(This post might best be regarded as a companion piece to the post on Totalitarianism that recently appeared.)
During the early years of the twentieth century Communism was exported around the world as part of the Bolsheviks’ attempts to initiate a world-wide revolution and guarantee that their way of life would be adopted (one way or another) by all countries. As a political and economic program it had many attractions — especially for the disenfranchised and, surprisingly, for intellectuals as well.
In this country many intellectuals and artists who taught at universities, wrote poetry or novels, or acted on the stage or screen were duped into thinking that Communism was the answer to the world’s problems. After all, it resembles Christianity in many ways — while Christianity had become inoperative for a great many people. It proposes a society in which the greedy capitalist pig is ground under foot; no one goes without; everyone is equal and free and all participate in their own futures. Or at least that was what thinkers like Karl Marx and Lenin promised. The reality was that millions of lives were sacrificed for the cause, even innocent lives, at the hands of the Cheka established by Lenin who acted with no restraints whatever. The lives of the innocent were said to be, with no regrets, “an example.” However, the messages coming out of Russia suggested to the unwary that Marx’s dream was being realized: the people were being set free and were in the process of determining their own futures. And the reason the blissful message was coming across the ocean and around the world was because the Bolsheviks had discovered the power of propaganda.
One of the intellectuals to be taken in by the blatant falsehoods coming out of Russia was Lionel Trilling, the brilliant essayist and teacher at Columbia University. He flirted with Communism, as did so many of his liberal colleagues (including George Orwell and my advisor at Northwestern as it happens) and eventually after he became aware of the huge gap between theory and practice in Russia he wrote a novel that reflected his own experience. In that novel, The Middle of The journey, one of the main characters is a powerful figure in the Communist party in America who has seen the light and wants to disengage himself from the Party and the atrocities that have been committed in its name. But he fears for his life, because such is the reality of the Bolshevik mentality: you are either with us or you are against us.
We struggle to understand how so many brilliant minds could have been easily duped into thinking that a political program would deliver on its promises and create heaven on earth. As suggested above, it was because of the fact that the Bolsheviks controlled the media in Russia and they didn’t allow journalists from other countries into theirs without a guarantee that they would control what was said and/or written. The only newspaper to refuse those conditions was the London Times. The rest of the world accepted the lies because they wanted to believe them. Moreover, it gave them hope. They could not accept the fact that what was told them was carefully selected and colored to present the best possible picture.

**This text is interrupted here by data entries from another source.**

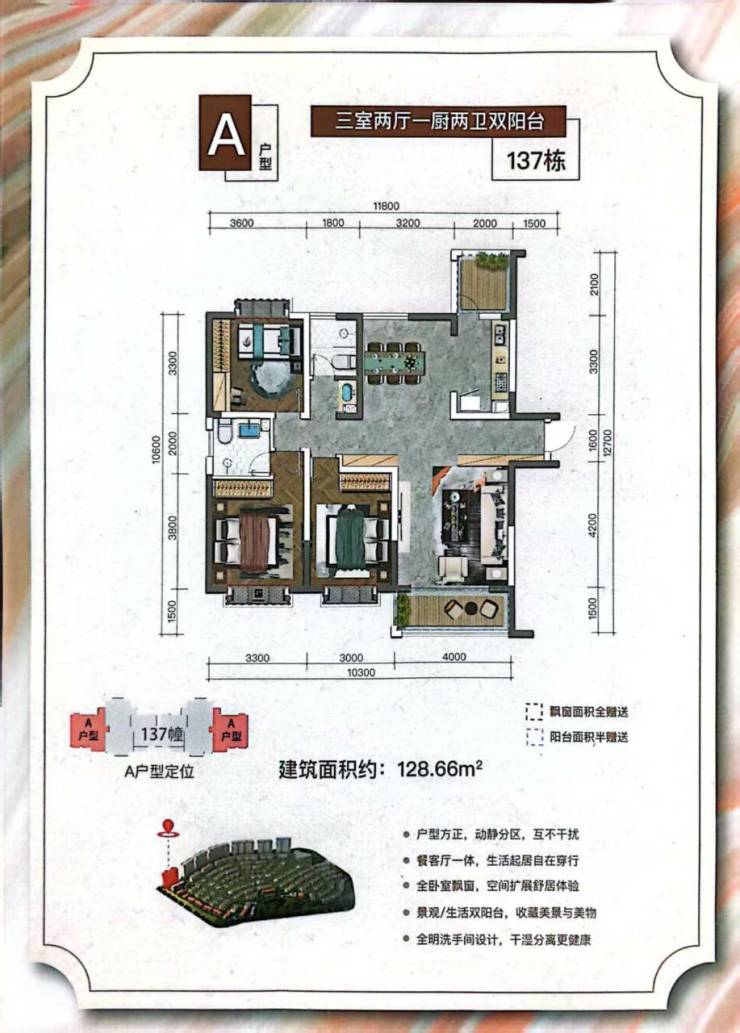 本项目占地约330亩,总建筑面积23万方,绿化率为42.4%,规划以别墅为主,临路部分规划部分高层和洋房,利于减小噪音及灰尘的影响,户户均为南北向设计,采光通风非常好,冬暖夏凉(冬天太阳可以直接照射到厅里,风较小,所以比较温暖;夏天太阳离我们最近,斜度最低,就像在头顶上,很难照进屋子,加上东南风盛行,所以比较凉爽),并且这种项目内规划有水系景观,东西一脉贯通,增强整个社区的灵动性。为与太平新城山水园林和区域内生态服务区定位相融合,整个社区秉承自然、健康、生态、休闲的设计理念,采用意大利托斯卡纳风格进行设计,并融入南加州元素,外立面色彩鲜明,质朴温暖的色调,让建筑生于自然。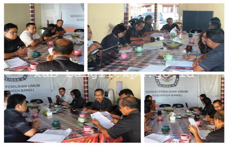 Demikian terungkap dalam rapat pleno antara komisioner KPU Kabupaten Bangli dengan jajaran sekretariat Kamis (23/2), menindak lanjuti surat sekretaris KPU Kabupaten Bangli nomor 359/Ses Prov-016/II/2017 dan Sekjen KPU RI nomor 206/SJ/II/2017 tentang permohonan data informasi/permasalahan bidang SDM.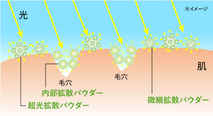 粒子内部で拡散反射することでソフトな光が生まれ、 毛穴などの欠点をソフトフォーカス。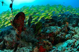 Ein großer Schwarm Blaustreifen-Schnapper (Lutjanus kasmira) in Unterwasserlandschaft.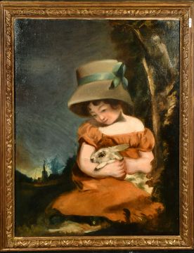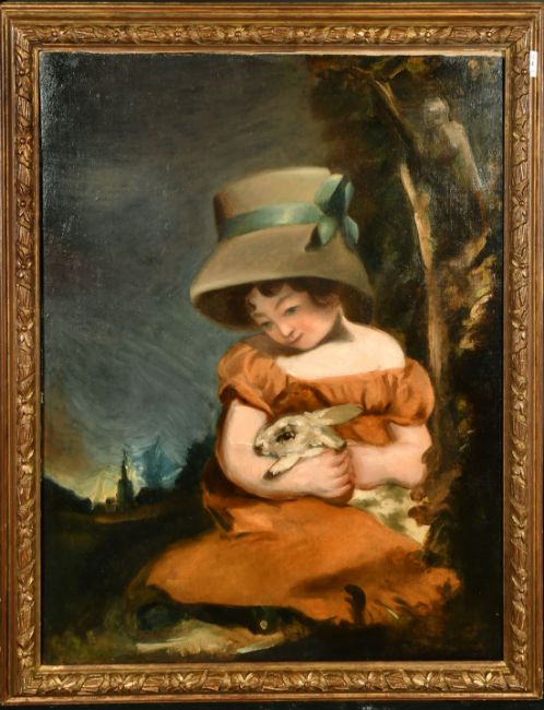 19th Century English School, 'Girl with a rabbit', After Hoppner, oil on canvas, 30" x 25", (76x63.5cm).
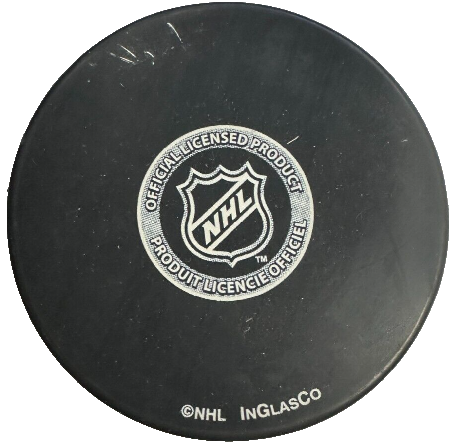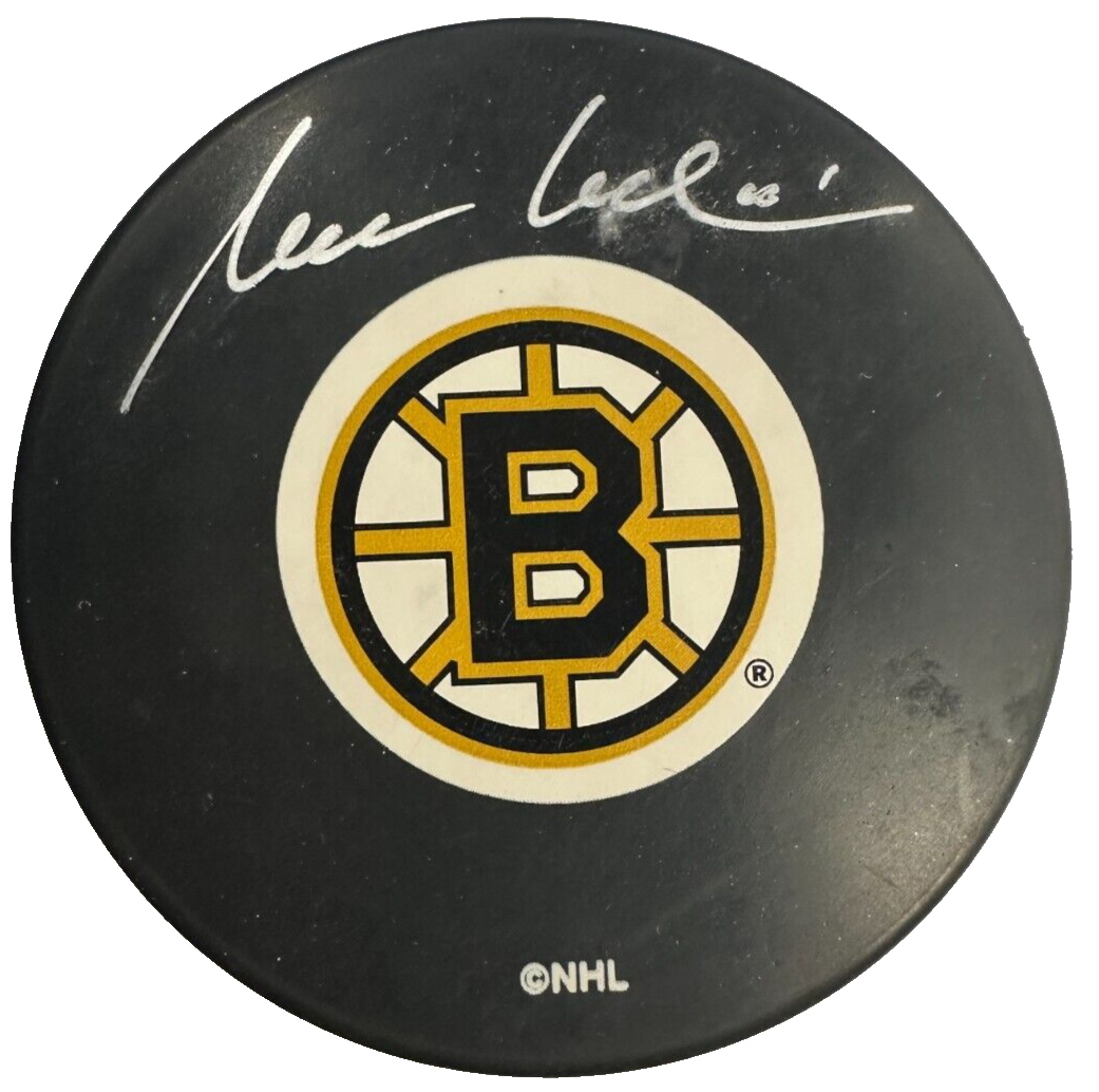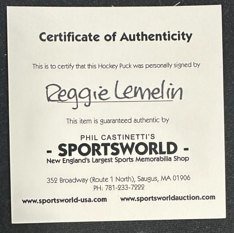 We're offering this Official Boston Bruins Hockey Puck Autographed by former Goalie Reggie Lemelin. It's in nm condition and it comes with a COA Issued by Sportsworld, New England's Largest Sports Memorabilia Store and his signature is guaranteed to be 100% authentic. We do have multiples of this puck signed by Reggie, so the puck you receive might not be the exact puck in the photo. The puck will be shipped in a plastic display square.

In his study of the Russian Revolution, Richard Pipes gives us an insight into just how effective this propaganda machine was (one which the Nazis later copied almost exactly):
“Communist propaganda strove, and to a surprising extent succeeded, in creating a fictitious world side by side with that of everyday experience and in stark contrast to it, in which the Soviet citizens were required to believe or pretend to believe. To this end the Communist Party asserted a monopoly over every source of information and opinion and, in time, severed all contacts of its subjects with the outside world. The effort was undertaken on such a vast scale, with such ingenuity and determination, that the imaginary universe it projected eclipsed for many Soviet citizens the living reality, inflicting on them something akin to intellectual schizophrenia.”
Now, this was how propaganda worked within Russia. It was not this successful when transported to other countries. But for those, like Trilling, who cared about their fellow human beings who were starving on long lines waiting for a cup of soup, especially during the depressions that were not uncommon within numerous capitalist countries, what they heard about Communism sounded like the answer to their prayers. Karl Marx was, after all, an ethicist more than an economist. His message in Capital, for example, was about the exploitation of the workers by greedy, selfish owners who cared only about profits. The intellectuals in this country and In Spain and England, especially, saw this going on around them. There was enough truth in the messages they were allowed to read and hear from Russia to cause many of them to join the Party that promised to deliver the franchise to the chronically disenfranchised. Or at least, they would have a piece of the pie they were themselves making.
We now live in different times, but there are powerful political forces in this country, and others as well, who would silence a free press, dismiss unpleasant truths as “false news,” and control the information we receive, colored and flavored to their taste. There are those who would silence opposing points of view. There are those who lie as a matter of course in order to convince the faithful that they have all the answers. There are those who have convinced themselves and a coterie of followers that the end justifies the means, any means. Thus is a free press more important now than ever before, as is an alert and even a suspicious citizenry.
While we are not in Russia during the 20s and 30s, we are in a country where the freedom we prize and which so much defines us is under threat by some who would make us prisoners of their minds — not unlike Lenin and, later, Stalin. We must avoid exaggeration and paranoia, but we would be well advised to be on our guard.